I have RNAhybrid installed on a miniconda environment
# Check path to the conda environment I'm using
which conda
# Install RNAhybrid if neccessary
conda install -y -c genomedk rnahybrid
# Check installation
conda list rnahybrid
``` bash
# RNAhybrid only has built-in support for humans, worms, and flies.
# We can use RNAcalibrate to derive Extreme Value Distribution parameters for our data.
# USe 3'UTR as input, since we expect majority binding there
RNAcalibrate \
-t ../output/15-Apul-annotate-UTRs/Apul_3UTR_1kb.fasta \
-q ../data/16-Apul-RNAhybrid/miRNA_mature-Apul-ShortStack_4.1.0-pulchra_genome.fasta \
> ../output/16-Apul-RNAhybrid/Apul-RNAcalibrate-3UTR.txt
```
``` r
# Now we need to pick a distance parameter and shape parameter
RNAcalibrate_out <- read.table("../output/16-Apul-RNAhybrid/Apul-RNAcalibrate-3UTR.txt", sep = " ")
ggplot(RNAcalibrate_out, aes(x = V3)) +
geom_histogram(aes(y = after_stat(density)), binwidth = 0.05, fill = "blue", color = "black", alpha = 0.7) +
geom_density(color = "red", size = 1) +
geom_vline(aes(xintercept = mean(V3)), color = "red", linetype = "dashed", size = 1) +
geom_text(aes(x = mean(V3) + 0.15, y = 4, label = paste("Mean =", round(mean(V3), 2))),
color = "red", vjust = -0.5, hjust = 1.2) +
labs(title = "Distance Parameter distribution", x = "Values", y = "Density")
```
## Warning: Using `size` aesthetic for lines was deprecated in ggplot2 3.4.0.
## ℹ Please use `linewidth` instead.
## This warning is displayed once every 8 hours.
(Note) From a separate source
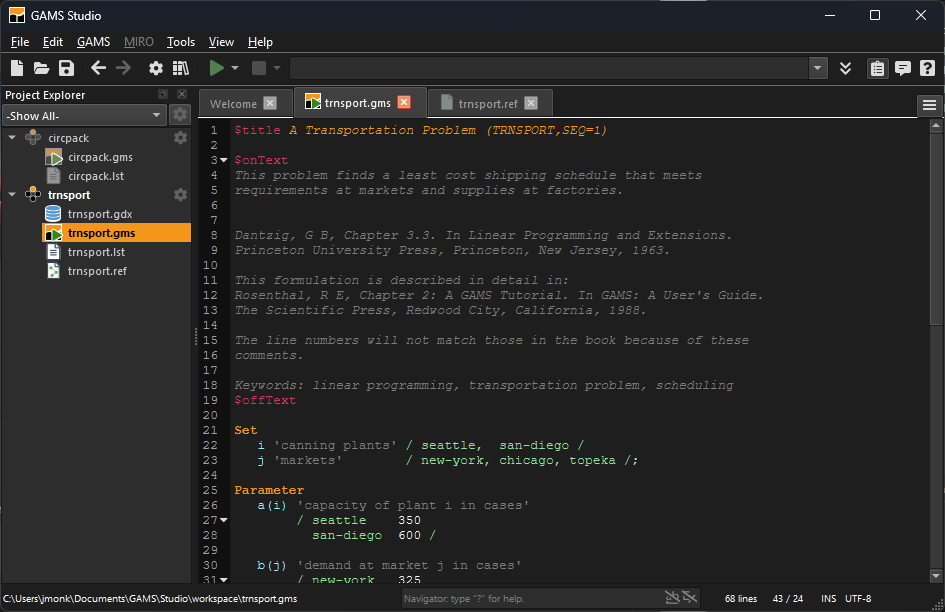 In the GAMSIDE, you always started by creating a "Project," which was essentially a pointer to the file system that defined a single working directory (i.e., it implicitly defined the workDir when starting GAMS). This directory was used to execute all the models added to the project, regardless of where the model files themselves were located. For example, if your project was in directory a, and you added models a/a.gms and b/b.gms, both files would be executed with a as the working directory. This meant all input data was expected in a (or relative to it), and all output files were also generated in a, not necessarily in the file's original location (like b).
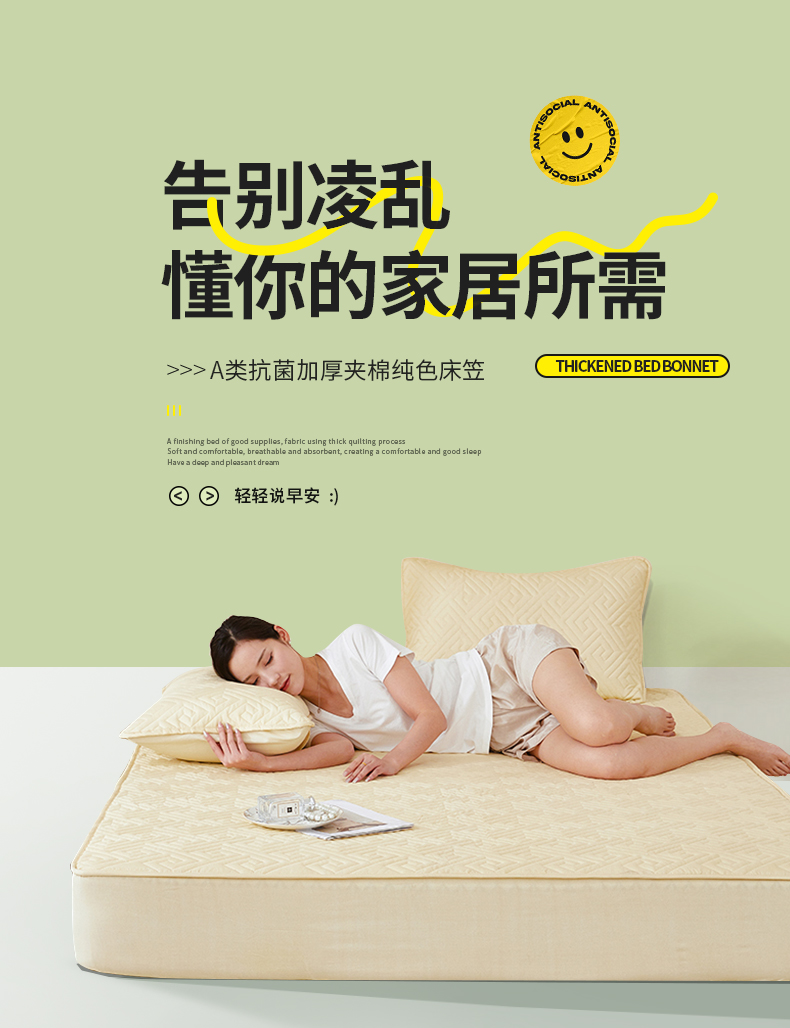 商品名称:(总)茉保家纺 2024新款加厚磨毛回形格夹棉床笠

## Call `lifecycle::last_lifecycle_warnings()` to see where this warning was
## generated.
## Warning in geom_text(aes(x = mean(V3) + 0.15, y = 4, label = paste("Mean =", : All aesthetics have length 1, but the data has 39 rows.
## ℹ Please consider using `annotate()` or provide this layer with data containing
## a single row.
``` r
ggplot(RNAcalibrate_out, aes(x = V4)) +
geom_histogram(aes(y = after_stat(density)), binwidth = 0.005, fill = "blue", color = "black", alpha = 0.7) +
geom_density(color = "red", size = 1) +
geom_vline(aes(xintercept = mean(V4)), color = "red", linetype = "dashed", size = 1) +
geom_text(aes(x = mean(V4) + 0.017, y = 37, label = paste("Mean =", round(mean(V4), 2))),
color = "red", vjust = -0.5, hjust = 1.2) +
labs(title = "Shape Parameter distribution", x = "Values", y = "Density")
```
## Warning in geom_text(aes(x = mean(V4) + 0.017, y = 37, label = paste("Mean =", : All aesthetics have length 1, but the data has 39 rows.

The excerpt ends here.